Joined: Mar 28, 2007
Thanks for your reply Tim. I will password protect the PDF's now.
One another thing you can do besides setting up a robot.txt is checking the user-agent header to see where the request is coming from. However it should be noted that there are some stupid spiders presenting themselves as Firefox or IE. If you need to prevent all spiders grabbing your sensitive data, you should never expose them in a publicly-accessible page.
That can be spoofed, just like the Referer header, so it can't be relied upon for anything that matters (like security).
Joined: Mar 28, 2007
Its better to password protect pdf's then...In my case, there are two types of Pdf's, one which are publicly available and searchable in google and other ones are private (non indexable).
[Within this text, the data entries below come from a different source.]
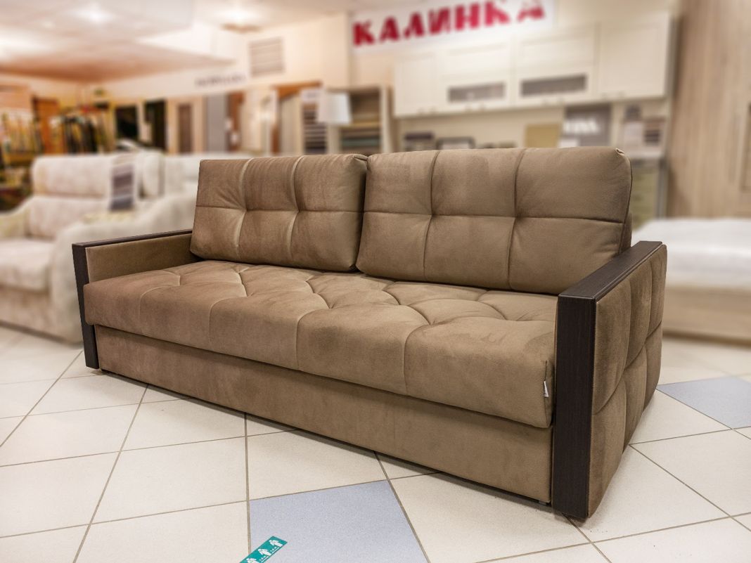 «Пантограф» на металлокаркасе. При раскладывании механизма получается комфортное двуспальное место для полноценного сна. Лаконичный дизайн, строгие линии подлокотников, геометрическая стежка чехла выделяют диван в модельном ряду. Шагающий механизм прост и долговечен. Для модели есть кресло.
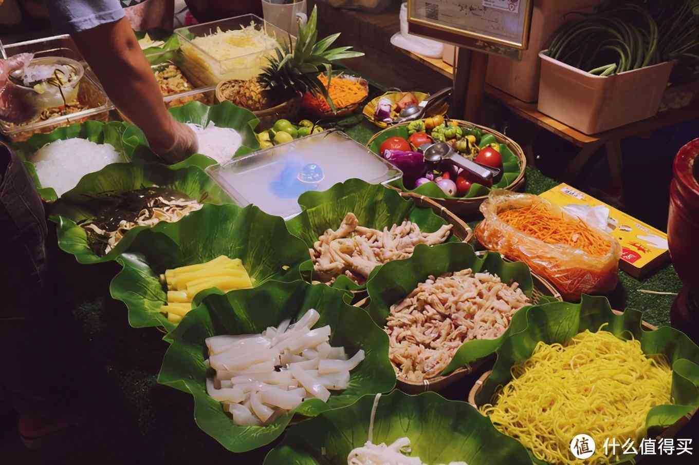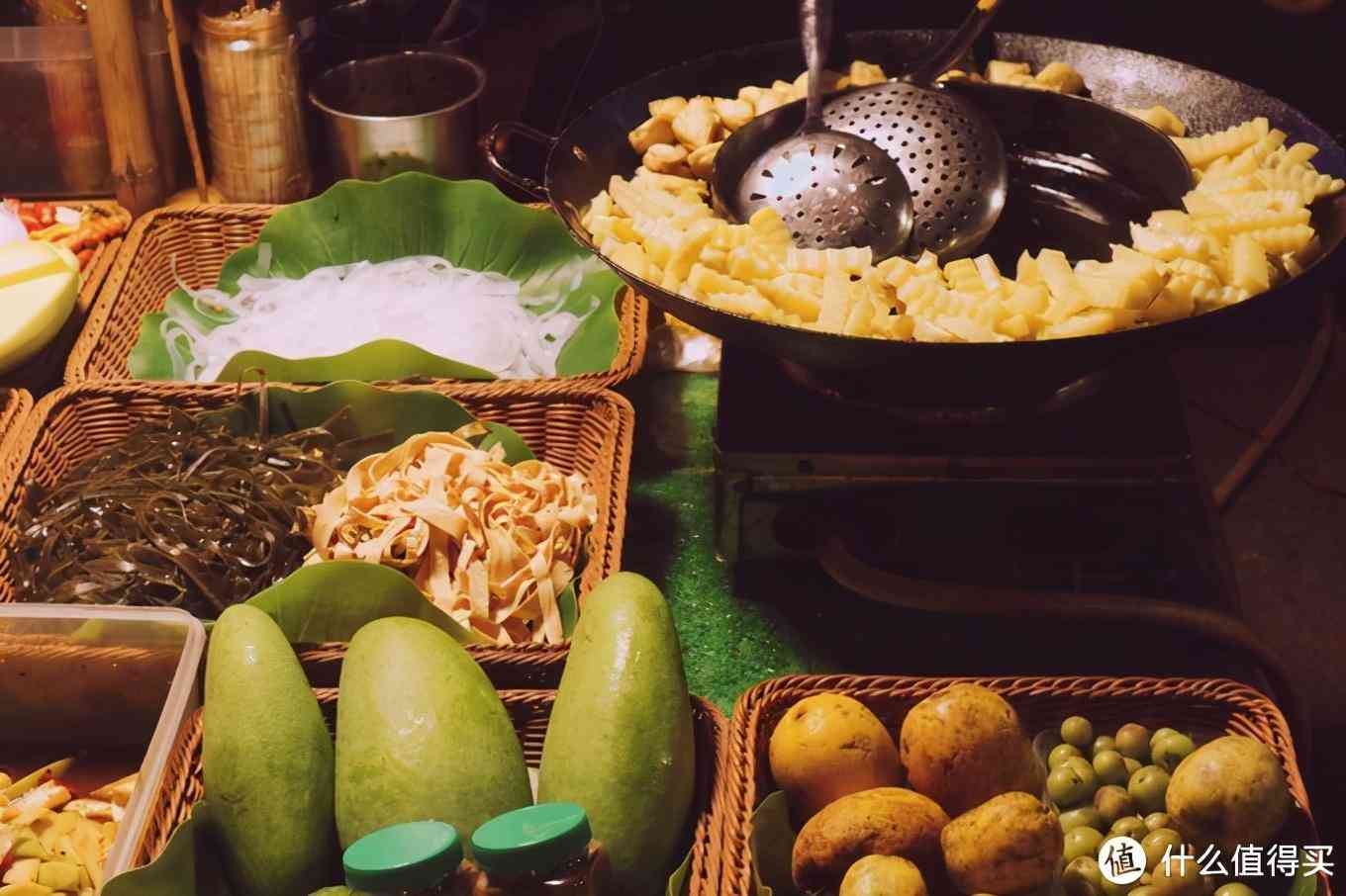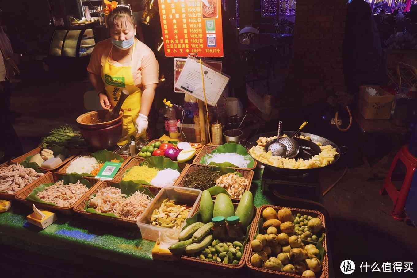 星光夜市有很多小吃摊子,春鸡脚、舂木瓜、包烧鸡脚筋、柠檬凉粉、青芒、蚝油辣椒芒果、各种各样的傣味烧烤、香茅草烤鱼、各种水果果汁等。不要吃晚饭了,直接来星光夜市就足够了。
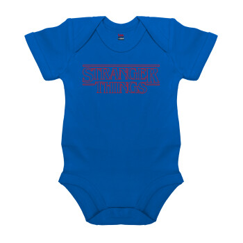 Stranger Things Logo, Βρεφικό φορμάκι μωρού, Μπλε Κοβαλτίου, 100% Organic Cotton, κοντομάνικο

So, i created two servlets one which serves public pdf's and other one for private pdf's....private pdf servlet is now SSO password protected so google wont be able to crawl it.
I am going to test this tomorrow morning on live server but it is currently working fine on my test system
Just following on from what everyone else has said, but if something is accessible without restriction then Google will find and index this. I work in SEO professionally and can honestly say that if you don't want Google to see something then it must be password protected. Personally I prefer to put all sensitive information in a /secure/ directory which required authentication prior to accessing everything, opposed to placing a password on the document as has been described above.
All of the information spoke about above (robots.txt, noindex etc) are all guidelines which Google may choose to ignore, and often does.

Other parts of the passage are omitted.